Information shown:

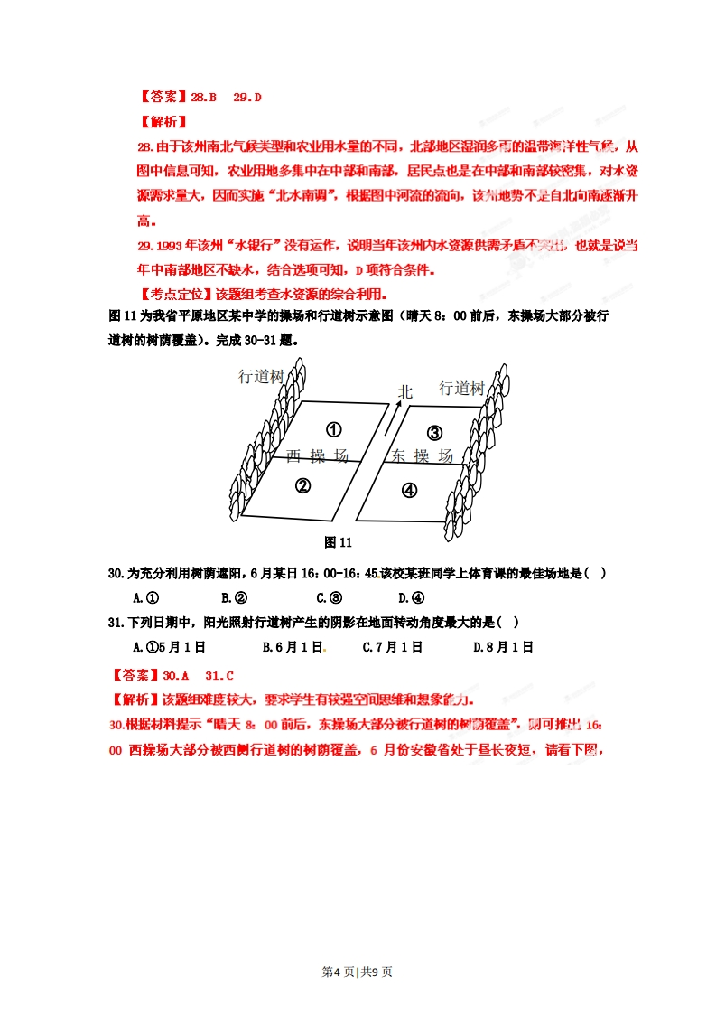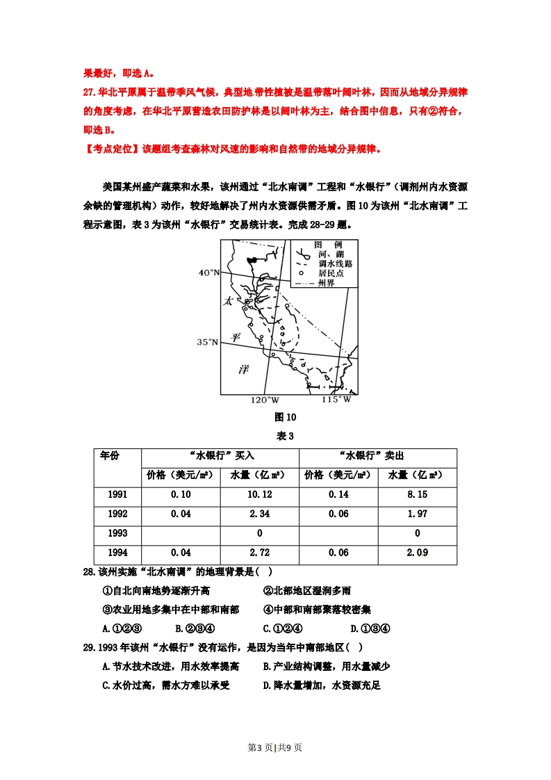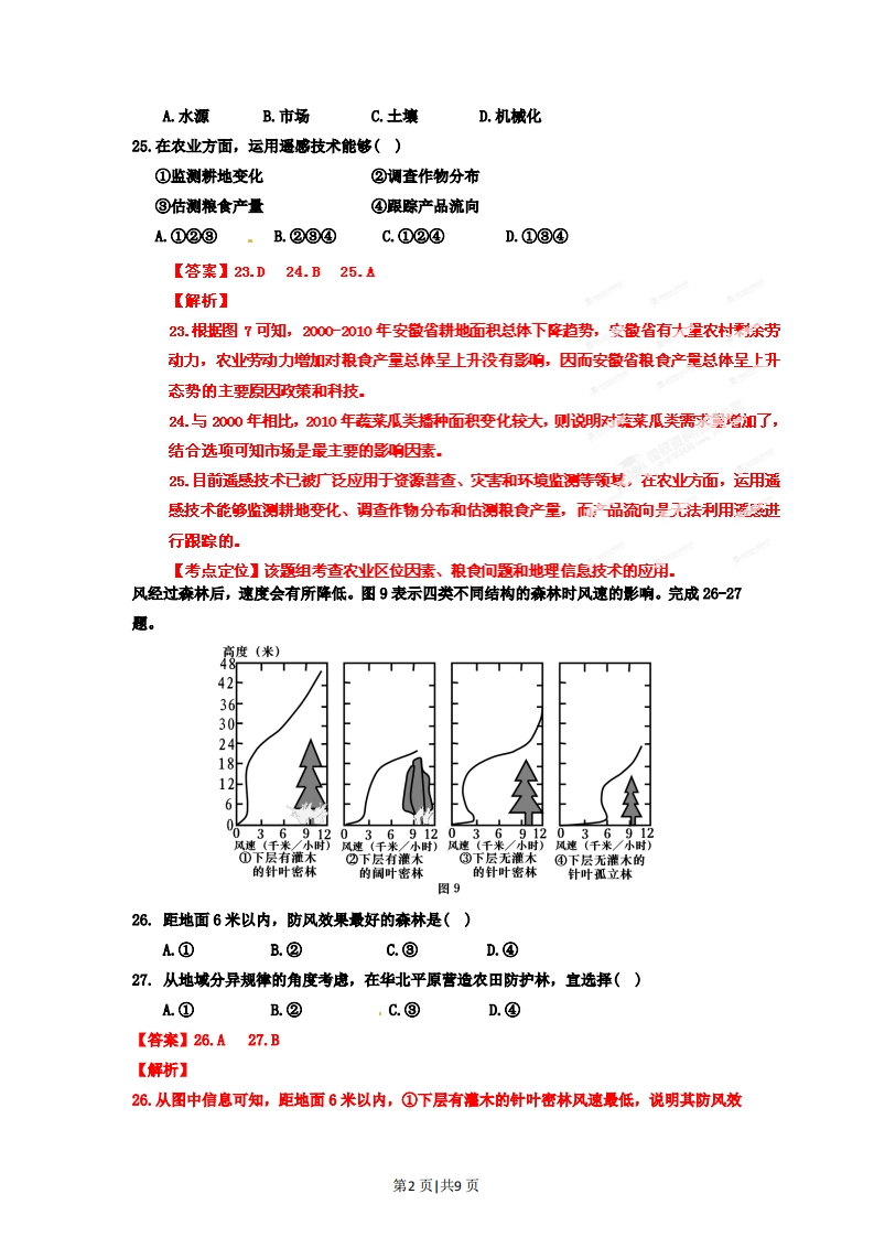 2012年高考安徽文综地理试卷解析(教师版)【试卷总评】试题考查知识较全面,难度适宜,符合新课标地理高考的要求。选择题,命愿紧紧抓住地理学科本身的学科特点以及能力要求,考查学生对地理基本原理的理解和判断能力,通过图表考查学生正确获取地理信息和理解运用的能力,选择题考查自然地理为主,30-31题难度偏大:综合惠分别以湖北省和云南苍山洱海地区为背景材料来命题,难度不大,世界区域地理部分考查相对较少,重点考查学生对材料阅读理解和综合分析的能力,考查学生描述和阐释地理基本原理与规律的能力。,第I卷(选择题共132分)本卷共33小题,每小题4分,共132分。在每题给出的四个选项中,只有一项是符合题目要求的。图7表示2000-2010年安徽省耕地面积和粮食产量变化,图8表示2000年、2010年安徽省农作物播种面积结构。完成23-25题。耕地面积(万公项)粮食产量(万吨)450f32004403000430280042026004102400400士耕地面积银食产量2200390200020022004200620080可年份图76.3%2.3%图例14.2%21.2%粮食作物蔬菜瓜类66.1%油料和棉花73.1%6.4%其他作物2004年播种面积841.8万公顷2010年播种面积905.5万公顷图823.2000-2010年,安徽省粮食产量总体呈上升态势的主要原因是()①耕地面积增加②政策支持⑧农业劳动力增加④科技支撑A①②B.⑧④C.①⑧D.②④24.与2000年相比,2010年蔬菜爪类擂种面积变化较大,其最主要影响因素是())第1页|共9页A水源B.市场C.土壤D.机械化25.在农业方面,运用遥感技术能够()①监测耕地变化②调查作物分布③估测粮食产量④跟踪产品流向A.①②⑧.B.②⑧④C.①②④D.①⑧④【答案】23.D24.B25.4【解析】23.根据图?可知,2000-2010年安量省耕地面积总体下降趋势,安数省有大呈农村形余劳动力,农业劳动力增加对粮食产量总体呈上升没有影赠,因而安徵省粮食产量总体呈上升态势的主要原因策和科技.24.与2000年相此,2010年核菜瓜类美播种面积变化校大,则说明对菜瓜类糯球嗜知了,结合选项可知市场是最主要的影明因素.25.目前遙感技术已被广泛应用于资源普查、灾害和环境监测特领其,在农业方面,运用遙感技术能够监测耕地变化、调查作物分布和估测粮食产量,而产品流向是无法利用汽进行跟踪的.【考点定位】该题组考查农业区位因素、粮食问题和地理信息技术的应用.风经过森林后,速度会有所降低。图9表示四类不同结构的森林时风速的影响。完成26-27题。度米)18691203691203.6912036912风速(千米/小时)风速(千米/小时)风撞(千米/小时)风速(千米/小时)①下层有灌木②下层有灌木③下层无灌木④下层无灌木的的针叶密林的阔叶密林的针叶密林针叶孤立林图926.距地面6米以内,防风效果最好的森林是()A①B.②C.⑧D.④27.从地域分异规律的角度考虑,在华北平原营造农田防护林,宜选择()A①B.②.C.③D.④【答案】26.A27.B【解析】26.从图中信息可知,距地面6米以内,①下层有灌木的针叶密林风速最低,说明其防风效第2页|共9页
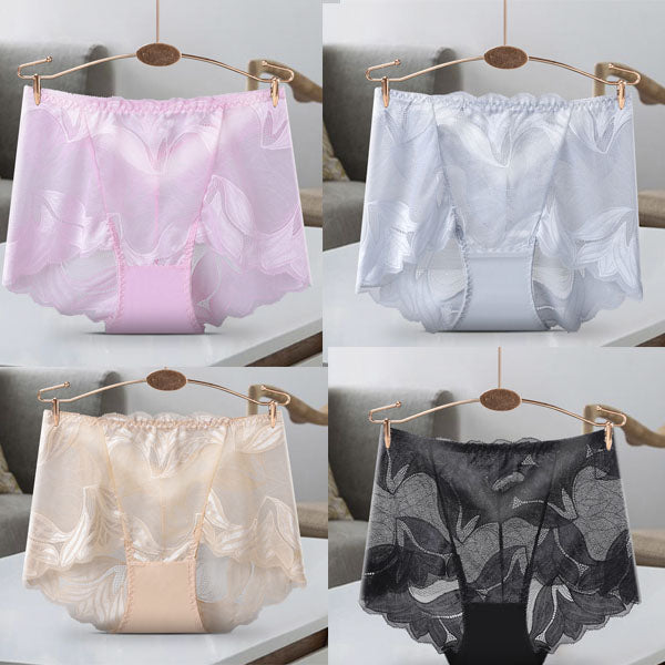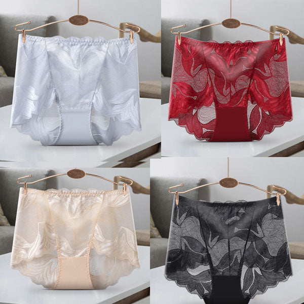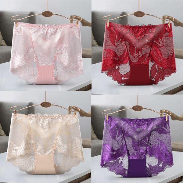 1 комплект/4 бр. Дамски бикини със средна талия, секси повдигащи бедрата, дишаща дантела от чист памук
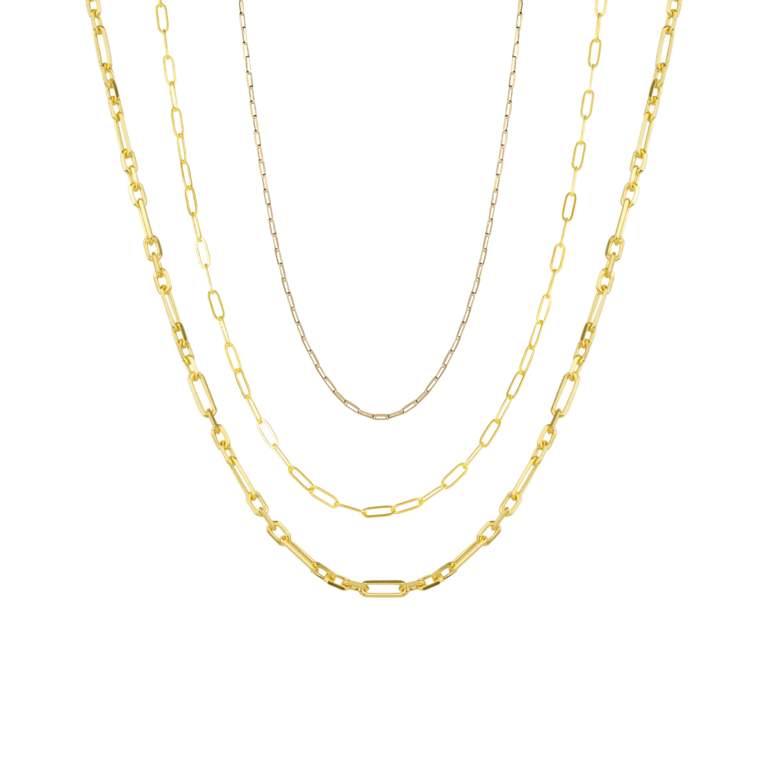 Paperclip Link Chain Sterling Silver Necklace Layering Set
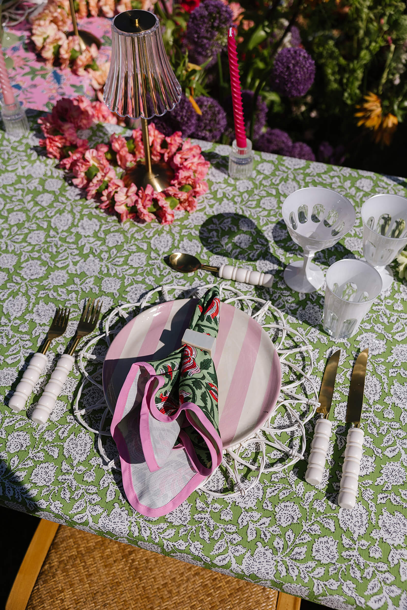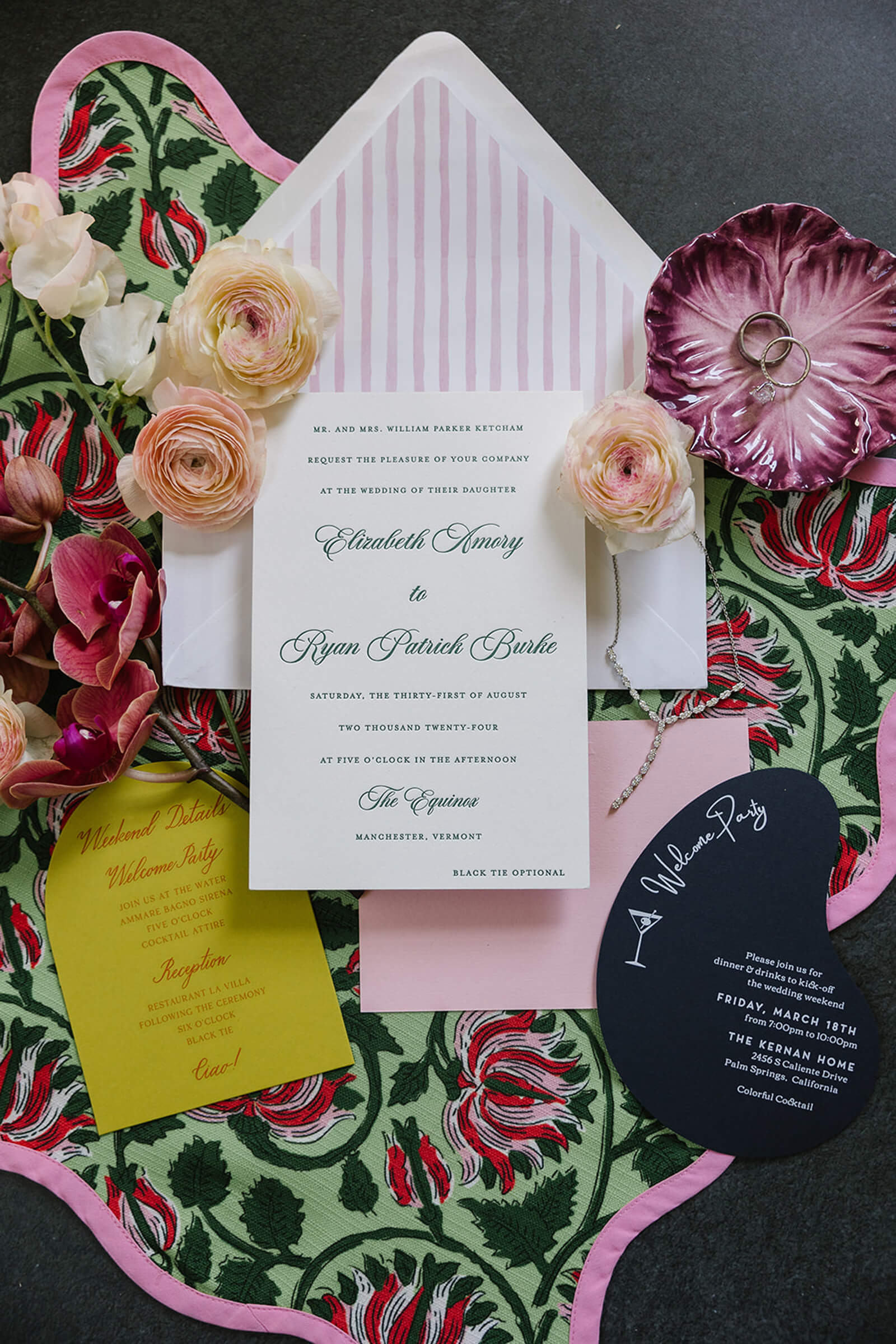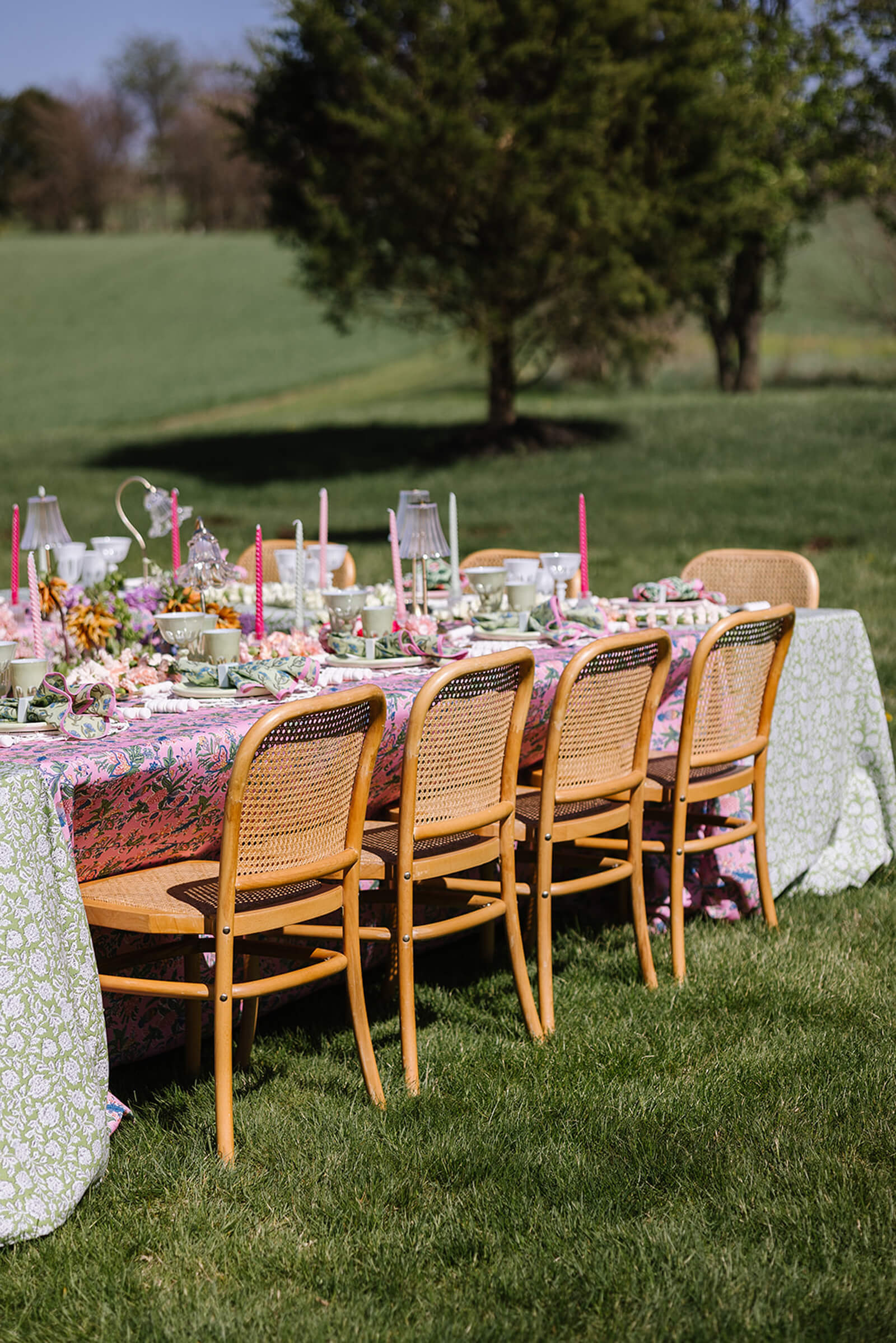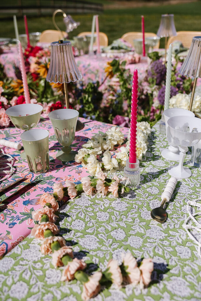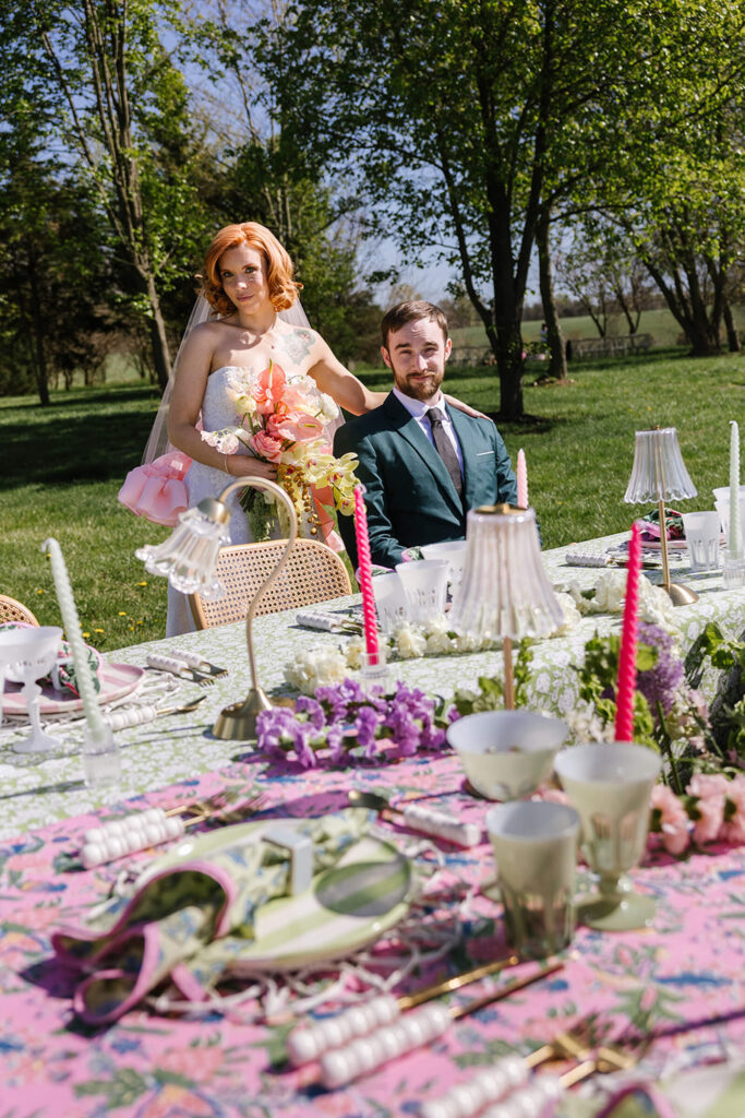 Our shoot was inspired by all things sugary, colorful, and joyful bringing together the playful spirit of dessert, vibrant color, and celebration. The name is both a nod to the abundance of sweets woven throughout the design and a lighthearted reminder that life after the wedding is just as sweet. The concept embraced bold pattern mixing, layered textures, and a garden of florals running through the center of the reception table to create a whimsical, immersive setting.

Activity: Will you repeat the material above, but only from the line containing "Paperclip Link Chain" through its last line, exactly and without the pictures?

Answer to the problem:
 Paperclip Link Chain Sterling Silver Necklace Layering Set
 Our shoot was inspired by all things sugary, colorful, and joyful bringing together the playful spirit of dessert, vibrant color, and celebration. The name is both a nod to the abundance of sweets woven throughout the design and a lighthearted reminder that life after the wedding is just as sweet. The concept embraced bold pattern mixing, layered textures, and a garden of florals running through the center of the reception table to create a whimsical, immersive setting.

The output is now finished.